The author does a very good job of laying out the ways in which the Bible, and especially the Old Testament, resonates with African and Asian Christians. Because they live in a less-advanced society, Old and New Testament stories that seem anachronistic to an American like me can have direct relevance to someone who spends their life in subsistence farming, lacking adequate government services and health care. For most Africans, their daily life doesn't differ much at all from New Testament times, so it seems more relevant to them. We in the West, with ~1500 years of Christian culturation, have also lost the newness and the shock that can come from the gospels, as what Jesus had to say is in many ways quite radical; we're just so used to it that we can't see it.

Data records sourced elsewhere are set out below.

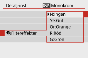 | N:Ingen | Vanlig svartvit bild utan filtereffekter. |
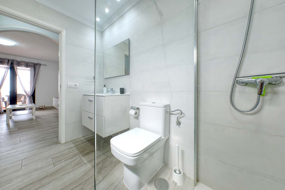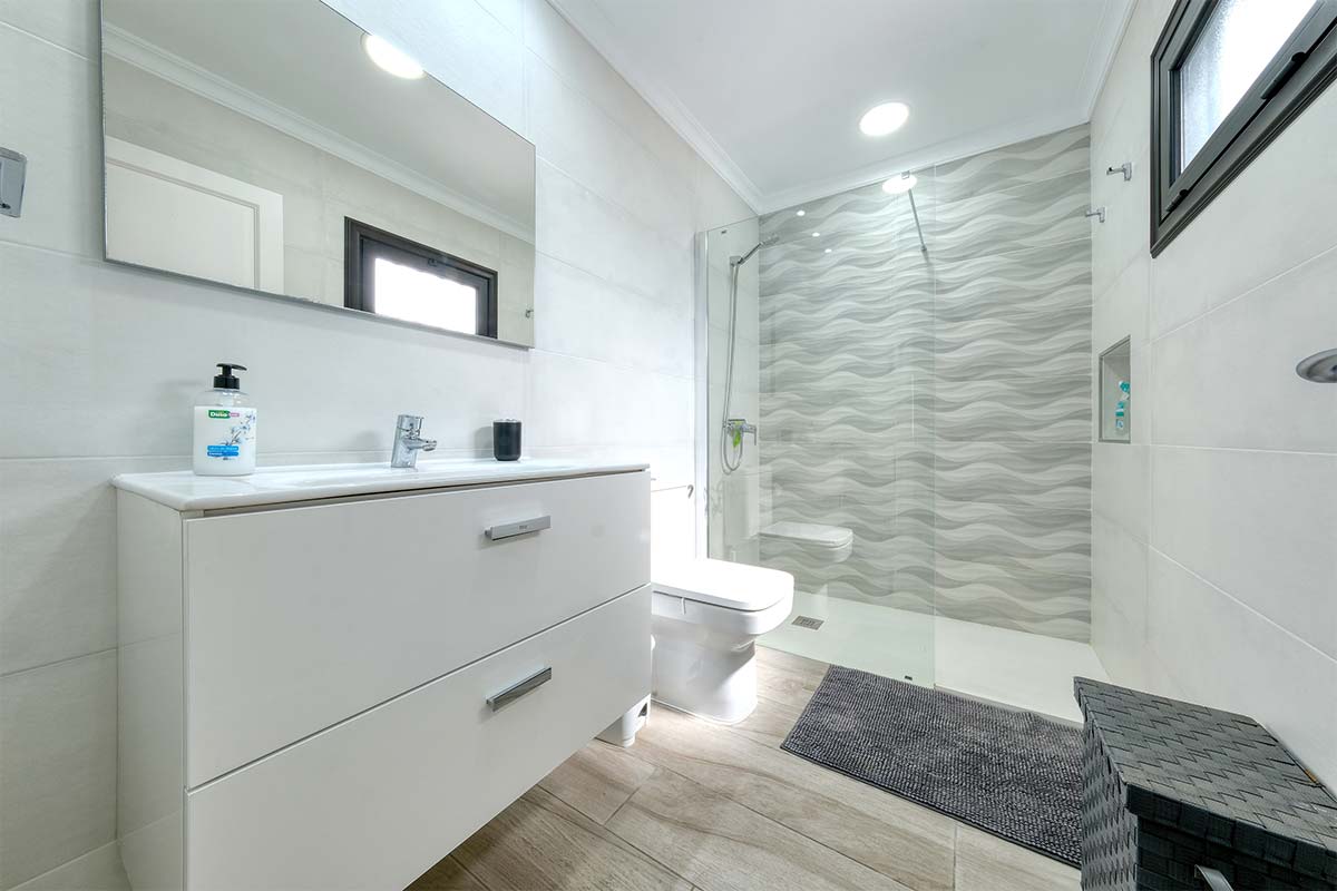 El baño destaca por su estilo moderno y funcional. Dispone de una ducha espaciosa, espejo con iluminación, secador de pelo y suficiente espacio de almacenaje para artículos de aseo. Su diseño limpio y minimalista aporta frescura y armonía a la vivienda.
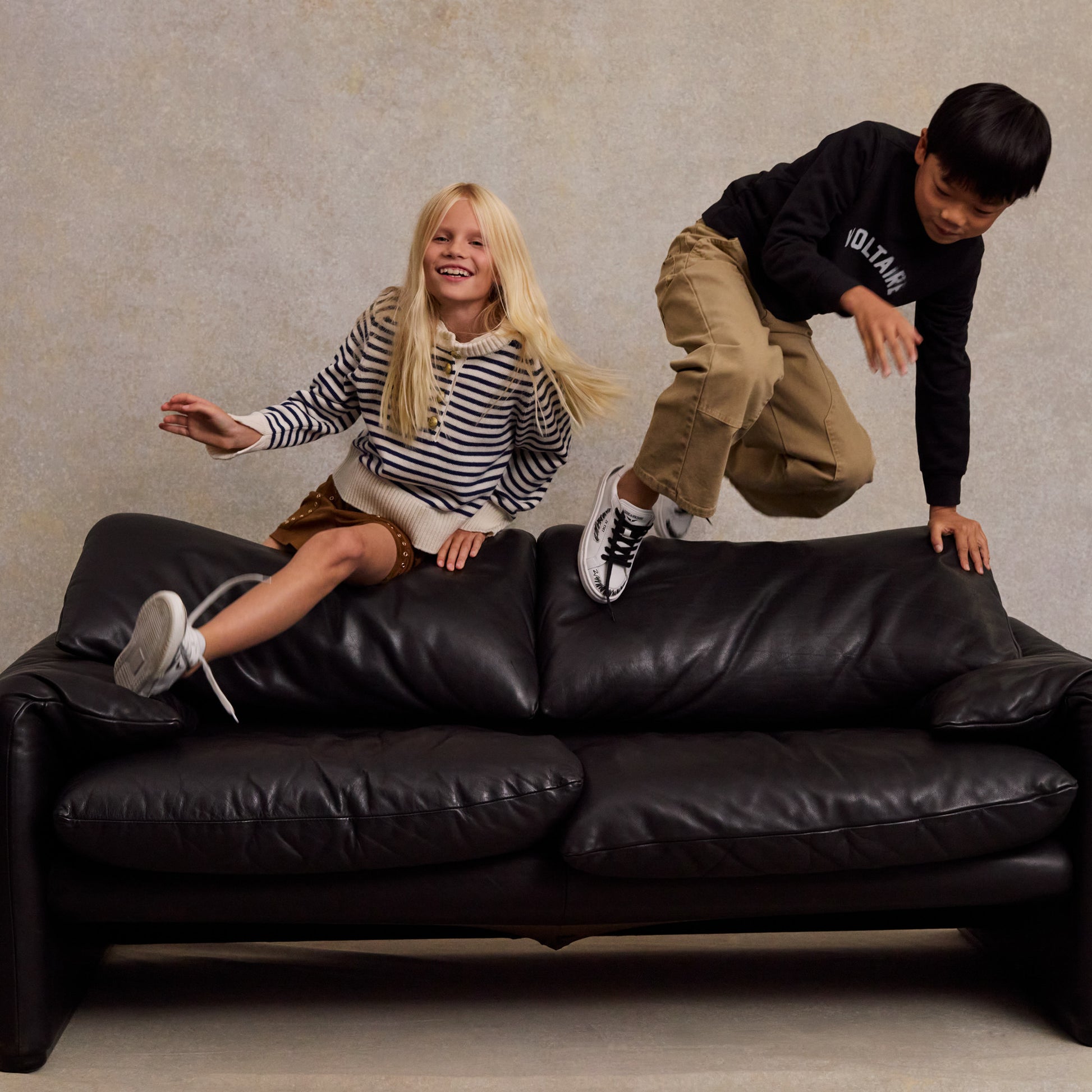 Stickad pullover från Zadig & Voltaire. Klassiskt vita och mörkblå ränder med guldknappar.
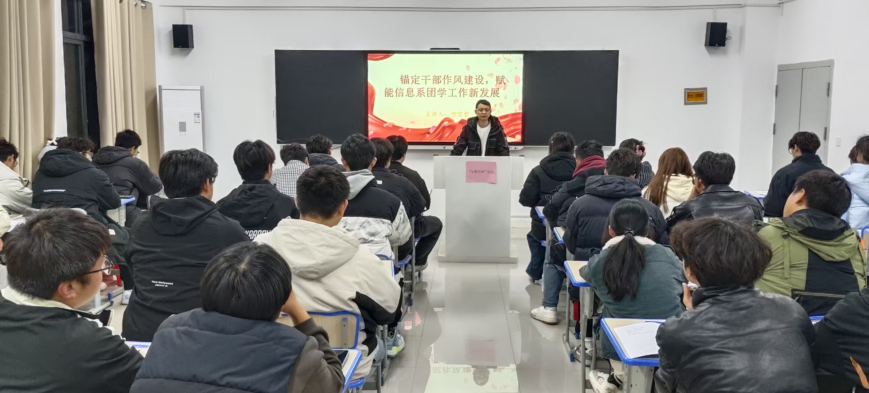 为加强学生干部队伍建设,提升班级管理效能与学生干部综合素质。11月19日晚,在尚信楼201教室,电子信息与传媒系依托“一站式”学生社区,成功举办“e路先锋”论坛之“锚定干部作风建设,赋能信息系团学工作新发展”专题讲座。参与本次讲座的有24级、25级全体班长及主要学生干部,讲座由系党务学工科科长黄宝智主讲。
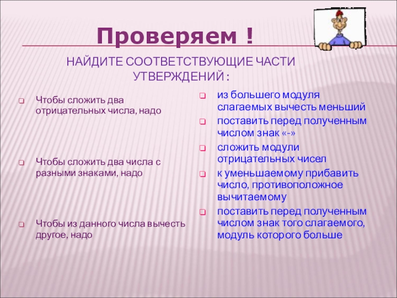 поставить перед полученным числом знак того слагаемого, модуль которого больше
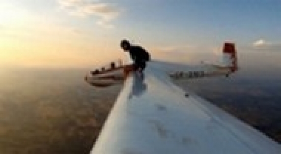 Polonya'da bir paraşütçü tek motorlu uçağıyla havada yaptığı tehlikeli hareketle izleyenlerin yüreğini ağza getirdi. Çılgın paraşütçü uçağın koltuğundan ayrılıyor ve kanadında oturuyor ve kendini aşağı bıraktı.
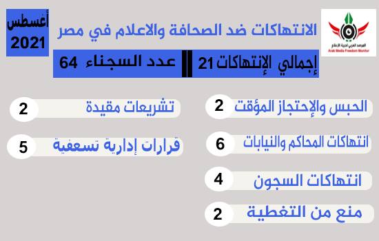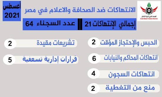 رصد تقرير انتهاكات حرية الصحافة في مصر لشهر أغسطس المنقضي الصادر عن المرصد العربي لحرية الإعلام 21 انتهاكا متنوعا.
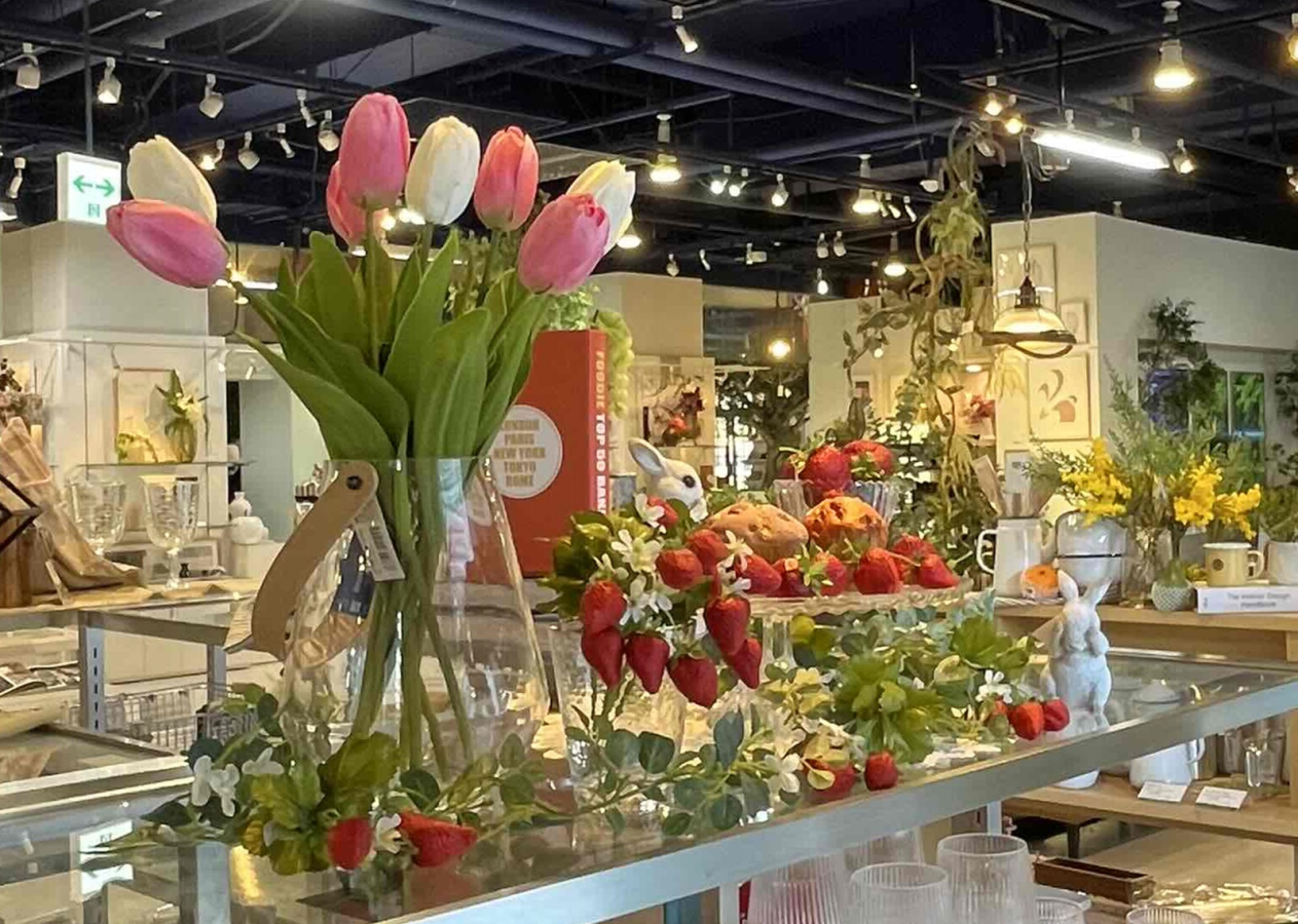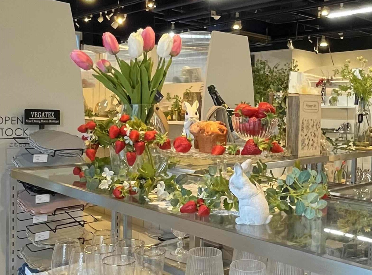 チューリップといちごを使った春のレストランのディスプレイイメージ
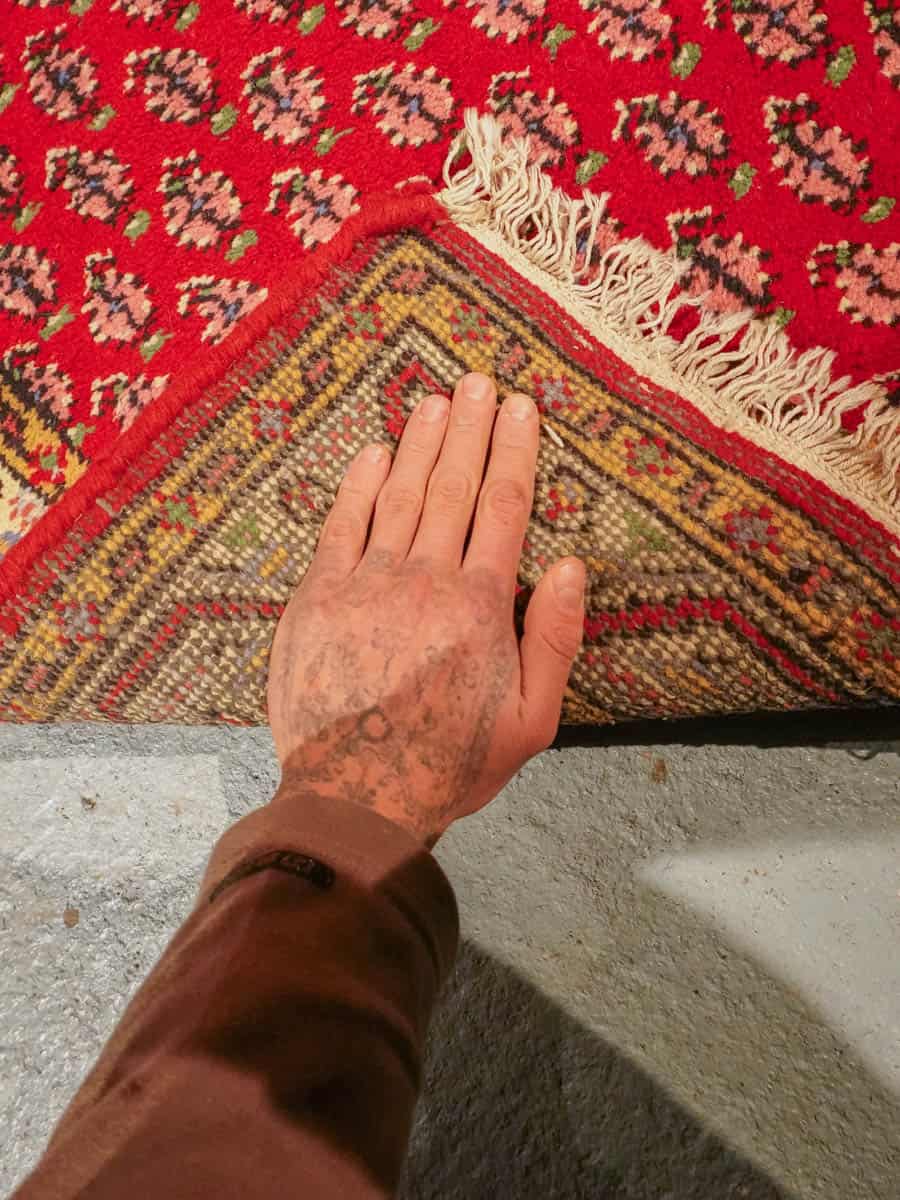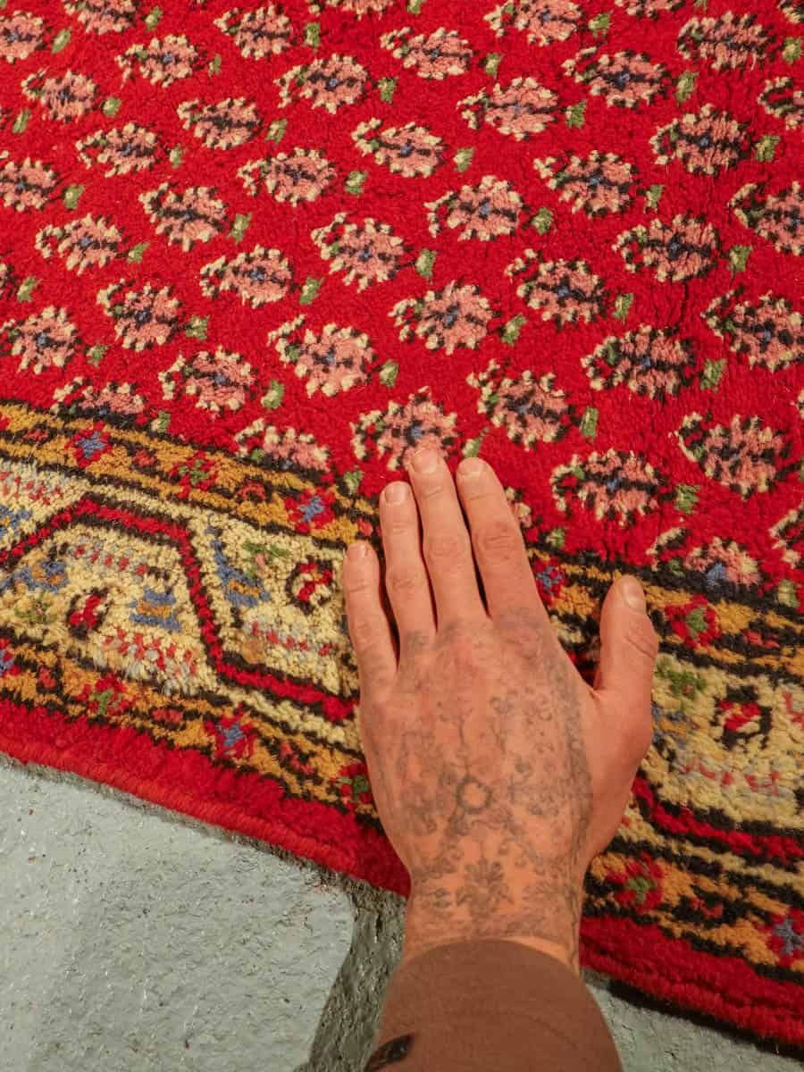 Tämä matto sijaitsee Galleriallamme osoitteessa Kankurinkatu 7, Punavuori – jos haluat tulla katsomaan sitä paikan päälle, sovithan näytön viestitse tai puhelimitse.

It isn't all good, though. The author also talks about some of the ways that Christian teachings have been mixed with native Confucian or pagan beliefs, and how the scriptures are sometimes highly mangled to try to make them fit pre-conceived notions. Nothing that we haven't seen before, of course, but a good counterpoint to the general feeling that African and Asian Christianity is truer to the actual written words of the Bible. Overall, this was a fine read, and both encouraging and thought-provoking in its protrayal of the growth of Christianity in other parts of the world.